Significant performance difference between open_file and open_buffer

emield12 commented 2 years ago

I remarked that the speed of reading (and postprocessing) files with rawpy is significantly different depending on how you open the file. Passing a filename to the rawpy.imread() function it is 3 times slower compared to passing a file object, see benchmarks below: When a filename is passed, the open_file method is called which uses libraw to open and read the file, while when a file object is passed it uses the open_buffer method which directly reads the file with .read(). I did not yet investigate why opening the file with libraw is significantly slower.

letmaik commented 2 years ago

Interesting, I can't reproduce that on Windows at least. I tested with RAW_CANON_5DMARK2_PREPROD.CR2 and iss030e122639.NEF from the test/ folder. Can you share more about your environment?

emield12 commented 2 years ago

I did some more investigation and I only observe this problem when the files are placed on a network storage. When the files are stored locally, there is no performance difference. I am using a network attached drive with a gigabit connection, and I can clearly see that when the open_file method is used, the network bandwidth is not fully exploited (It averages around 11-12MB/s). However, when using the open_buffer method, it goes above 100MB/s. The file I use for testing is 60MB, so the difference in download time should be ~5s which is just approximately the observed difference.
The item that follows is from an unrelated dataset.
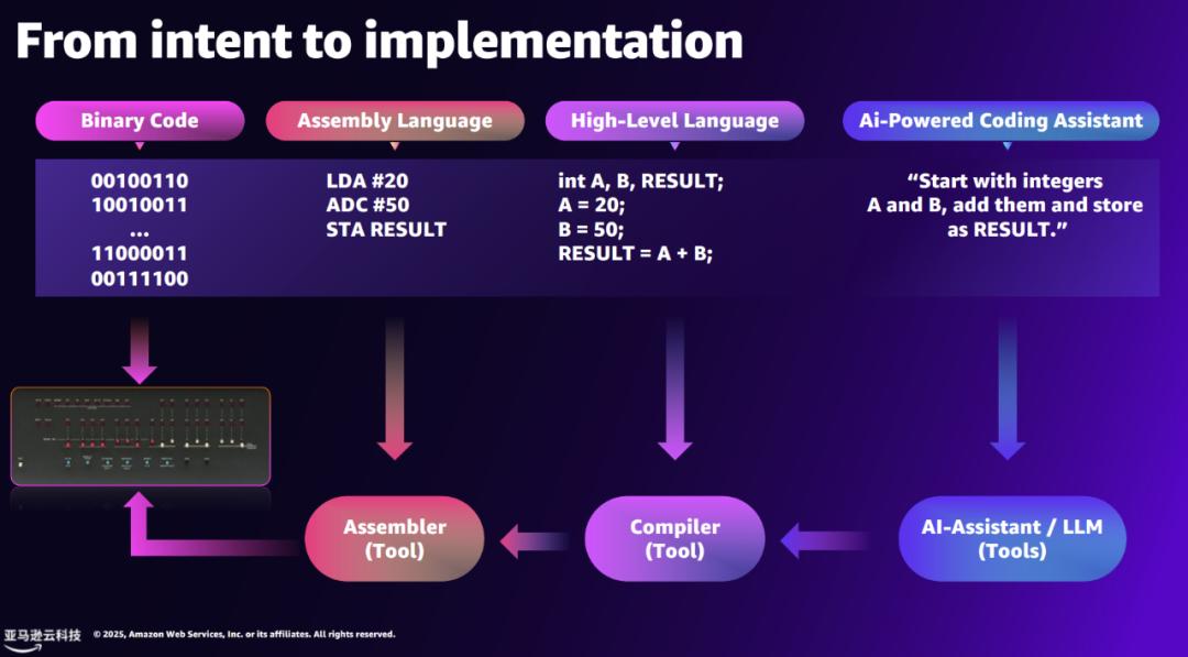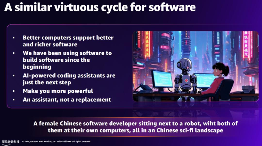 Jeff Barr 在主题为「下一代软件开发」的演讲中强调:「AI 驱动的开发工具,并非什么彻底的革命,而是我们开发工具演进中合乎逻辑的下一步 (logical next step)。」

About my environment, I am using arch linux with rawpy==0.16.0. Is there something else you want to know?

letmaik commented 2 years ago

I think the behaviour then is expected to some degree. libraw doesn't load the full file in memory before processing it but rather accesses the bits it needs incrementally. This means there will be more random accesses compared to the single operation of loading the file fully and that is always slower, depending on I/O buffering done by the operating system. The advantage is it likely uses less memory during processing. Would be interesting to figure out what the difference is in practice. There may be scope for libraw to optimize data access further but it will always be slower than loading the file fully first. I think both cases are useful to support, especially if your raw image is very large. Realistically, libraw won't put much more effort into optimizing I/O so the only thing to do here is either add a note in rawpy's documentation or add some optional flag to imread that enables buffering the file fully like you do using open. I'm not a fan of the latter since it's an edge case and extending the API surface just for that seems suboptimal in terms of maintenance. A more extreme change would be to always use buffering in imread but I'm only comfortable doing that if the memory usage doesn't increase by much on all supported platforms (macOS, Linux, Windows). I know that some users also build rawpy manually to run on raspberry pi which has less memory in general.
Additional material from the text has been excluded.